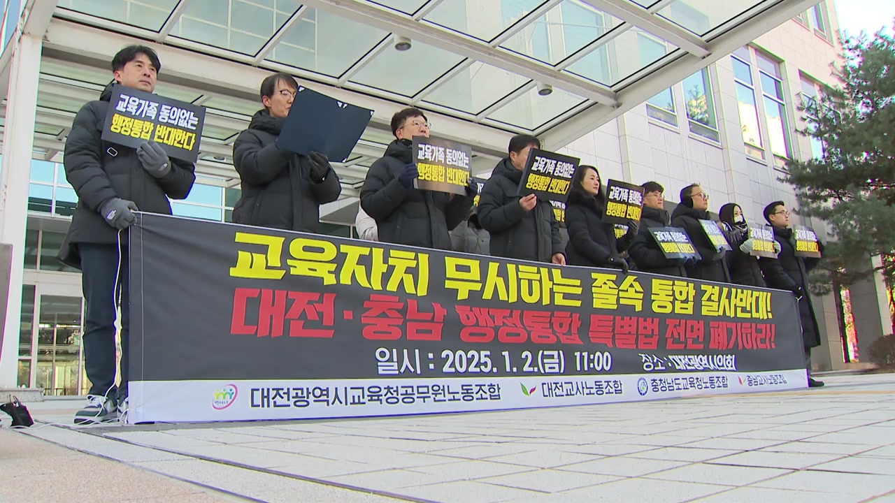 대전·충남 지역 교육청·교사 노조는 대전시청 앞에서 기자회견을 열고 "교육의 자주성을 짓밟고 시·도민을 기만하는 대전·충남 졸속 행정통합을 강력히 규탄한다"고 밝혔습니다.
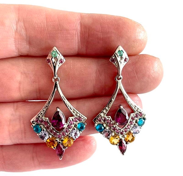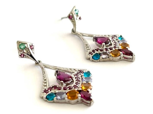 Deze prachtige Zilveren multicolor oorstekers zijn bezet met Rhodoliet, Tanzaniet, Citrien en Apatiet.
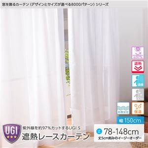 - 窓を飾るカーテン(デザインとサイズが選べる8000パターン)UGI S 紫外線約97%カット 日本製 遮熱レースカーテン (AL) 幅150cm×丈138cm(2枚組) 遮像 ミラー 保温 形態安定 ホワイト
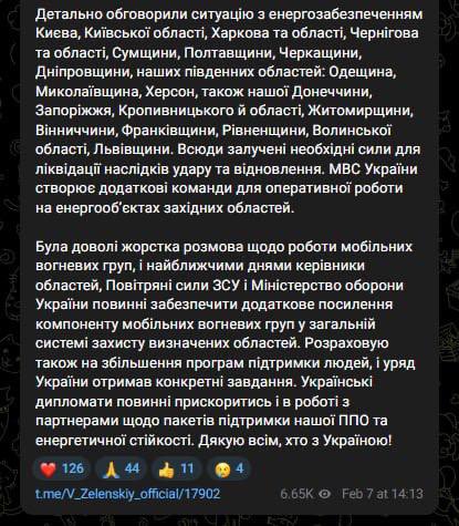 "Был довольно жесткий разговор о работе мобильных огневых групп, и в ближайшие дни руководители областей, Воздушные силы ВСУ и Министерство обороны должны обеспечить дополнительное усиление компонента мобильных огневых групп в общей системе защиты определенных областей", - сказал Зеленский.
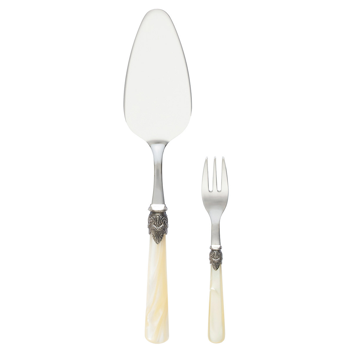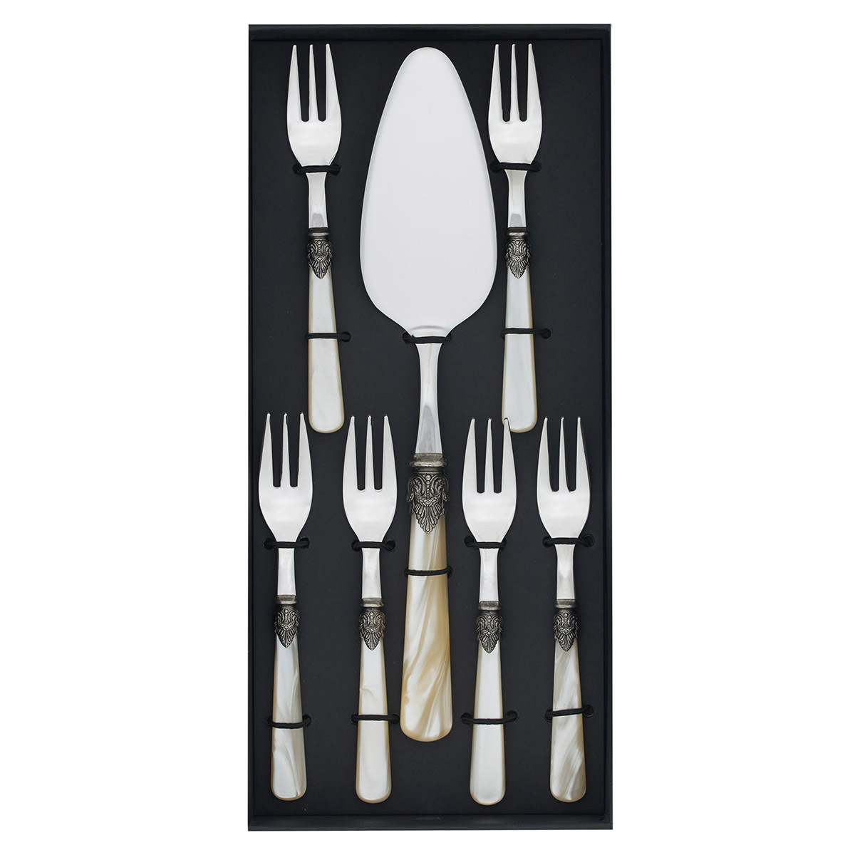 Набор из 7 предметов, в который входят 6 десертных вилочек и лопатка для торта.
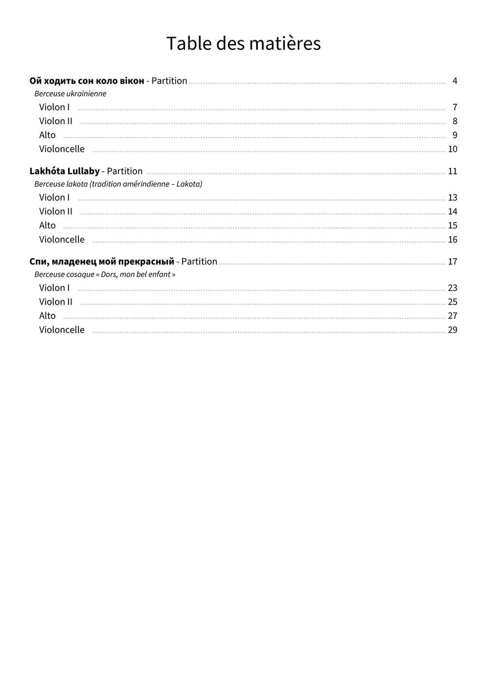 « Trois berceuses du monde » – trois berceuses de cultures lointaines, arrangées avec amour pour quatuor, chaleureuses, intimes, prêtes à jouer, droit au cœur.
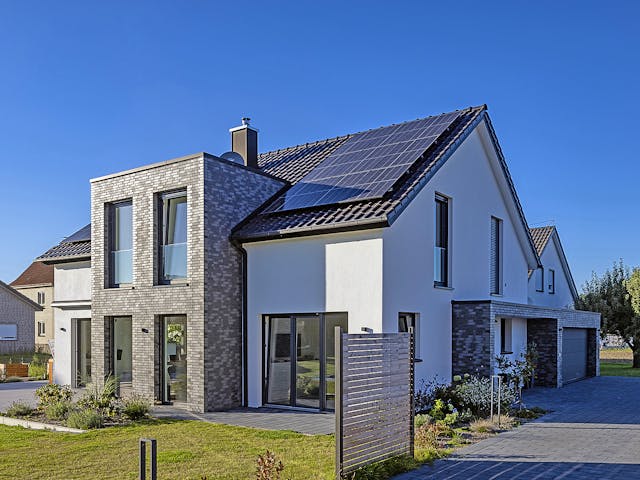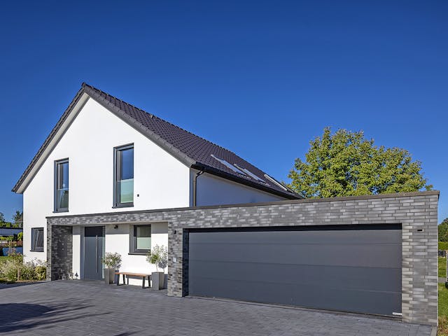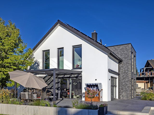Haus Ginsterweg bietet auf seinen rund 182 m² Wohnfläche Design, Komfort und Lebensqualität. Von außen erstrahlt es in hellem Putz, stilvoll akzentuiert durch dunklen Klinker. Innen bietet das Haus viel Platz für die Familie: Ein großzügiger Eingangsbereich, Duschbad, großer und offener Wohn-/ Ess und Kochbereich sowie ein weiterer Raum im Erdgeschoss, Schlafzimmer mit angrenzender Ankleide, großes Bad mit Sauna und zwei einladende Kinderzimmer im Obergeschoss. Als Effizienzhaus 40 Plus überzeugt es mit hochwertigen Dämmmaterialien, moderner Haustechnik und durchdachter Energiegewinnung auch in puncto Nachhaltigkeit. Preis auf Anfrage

________________

▶ TASK DESCRIPTION: If an entry contains a picture, omit it; restate everything else word for word.

▶ EXERCISE OUTPUT:
 대전·충남 지역 교육청·교사 노조는 대전시청 앞에서 기자회견을 열고 "교육의 자주성을 짓밟고 시·도민을 기만하는 대전·충남 졸속 행정통합을 강력히 규탄한다"고 밝혔습니다.
 Deze prachtige Zilveren multicolor oorstekers zijn bezet met Rhodoliet, Tanzaniet, Citrien en Apatiet.
 - 窓を飾るカーテン(デザインとサイズが選べる8000パターン)UGI S 紫外線約97%カット 日本製 遮熱レースカーテン (AL) 幅150cm×丈138cm(2枚組) 遮像 ミラー 保温 形態安定 ホワイト
 "Был довольно жесткий разговор о работе мобильных огневых групп, и в ближайшие дни руководители областей, Воздушные силы ВСУ и Министерство обороны должны обеспечить дополнительное усиление компонента мобильных огневых групп в общей системе защиты определенных областей", - сказал Зеленский.
 Набор из 7 предметов, в который входят 6 десертных вилочек и лопатка для торта.
 « Trois berceuses du monde » – trois berceuses de cultures lointaines, arrangées avec amour pour quatuor, chaleureuses, intimes, prêtes à jouer, droit au cœur.
Haus Ginsterweg bietet auf seinen rund 182 m² Wohnfläche Design, Komfort und Lebensqualität. Von außen erstrahlt es in hellem Putz, stilvoll akzentuiert durch dunklen Klinker. Innen bietet das Haus viel Platz für die Familie: Ein großzügiger Eingangsbereich, Duschbad, großer und offener Wohn-/ Ess und Kochbereich sowie ein weiterer Raum im Erdgeschoss, Schlafzimmer mit angrenzender Ankleide, großes Bad mit Sauna und zwei einladende Kinderzimmer im Obergeschoss. Als Effizienzhaus 40 Plus überzeugt es mit hochwertigen Dämmmaterialien, moderner Haustechnik und durchdachter Energiegewinnung auch in puncto Nachhaltigkeit. Preis auf Anfrage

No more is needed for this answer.